The following is the basic version of the architecture diagram. The whole is composed of Coordinator and Worker, and their respective responsibilities are introduced as follows.

img

1.1 Coordinator: front-end control node, responsibilities include

(1) MySQL protocol layer access, SQL analysis

(2) Authentication and authentication, providing a more complete and detailed permission system model, whitelist and cluster-level RAM control, and auditing and compliance records of all SQL operations.

(3) Cluster management: member management, metadata, data consistency, route synchronization, backup and recovery (data and log management)

(4) Background asynchronous task management

(5) Transaction management

(6) Optimizer, execution plan generation

(7) Computing scheduling, responsible for task scheduling

1.2 Worker: storage and computing nodes, including

(1) Calculation module

Distributed MPP + DAG hybrid computing engine and optimizer have achieved higher complex computing power and mixed load management capabilities. Using the advantages of flexible scheduling of resources on the Alibaba Cloud computing platform, flexible scheduling of computing resources is achieved. The computing worker node can be pulled up individually, and can be expanded in minutes or even seconds in response to business needs to achieve the most efficient use of resources.

(2) Storage module

The storage module is more lightweight, with real-time writing and reading capabilities that carry greater throughput data. The writing performance is about 50% higher than the same specifications of the previous version. It is visible in milliseconds to meet customer real-time analysis needs.

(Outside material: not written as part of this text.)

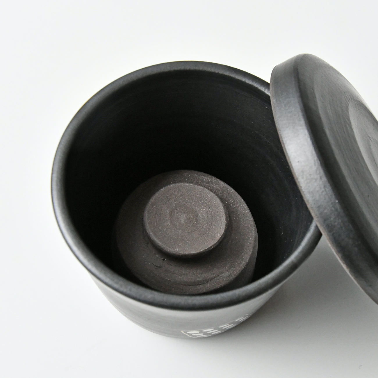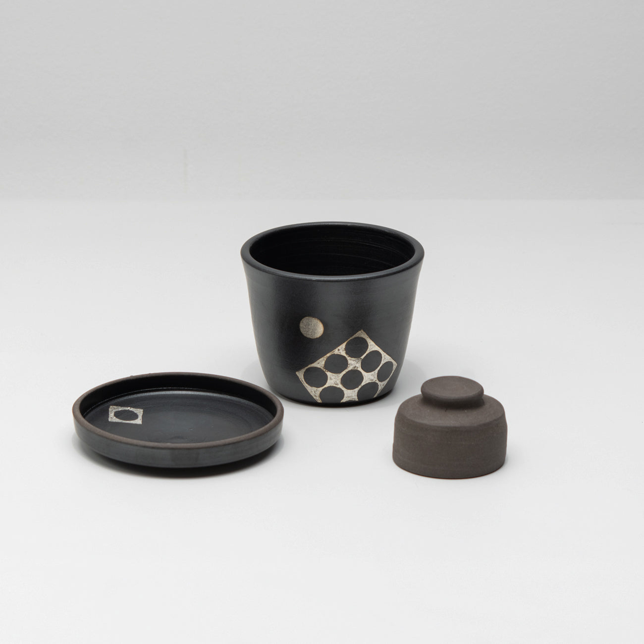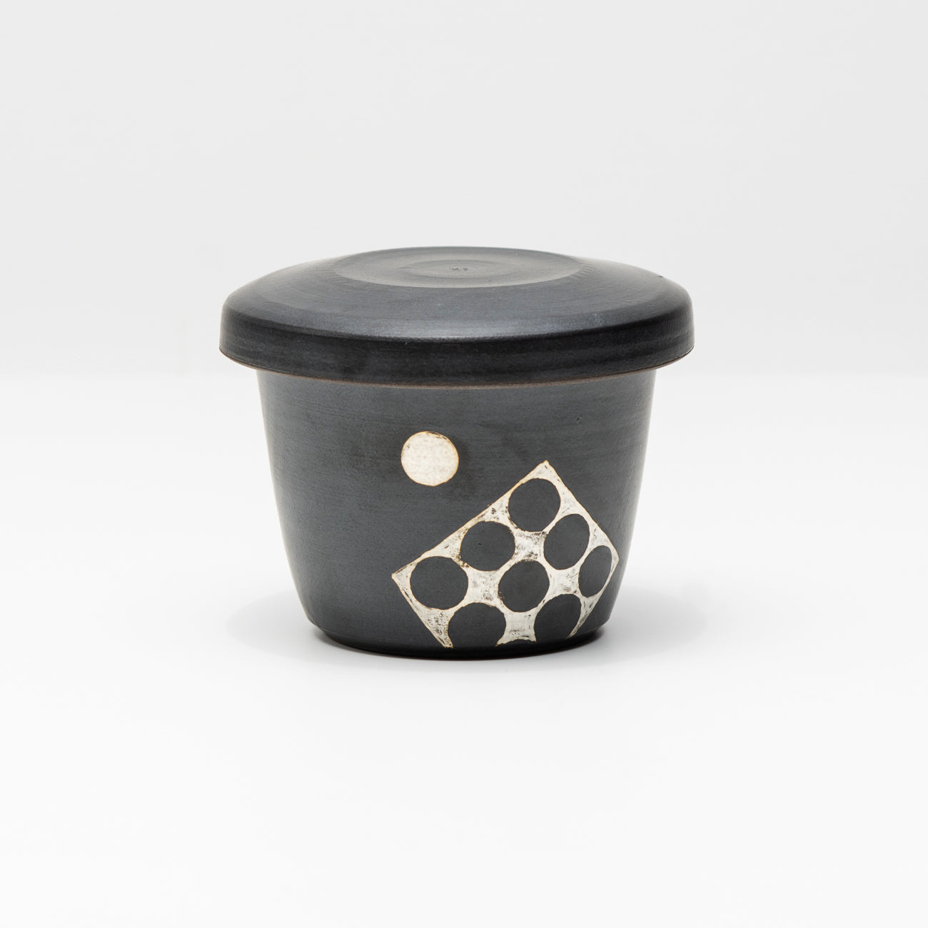 黒釉は表面に小さなシボと光沢があるとても美しい黒釉です。シンプルなフォルムに銀彩で描かれたポップな文様は、そのまま食卓に出しても素敵です。また、蓋付きなので、冷蔵庫にもそのまま仕まうこうともできます。

Storage nodes provide full and incremental backup and recovery capabilities. Periodic snapshots and logs of cloud disks will be synchronized and saved in OSS in real time, providing higher security for user data and helping users to recover to the maximum extent when database problems occur.

(3)Worker Group

Worker nodes with storage modules are divided into worker groups. The cluster version provides three copies of storage. It works like a whole through the Raft distributed consistency protocol, allowing some of the Worker nodes to continue to provide failures. Services, the basic version only provides a single copy of the service.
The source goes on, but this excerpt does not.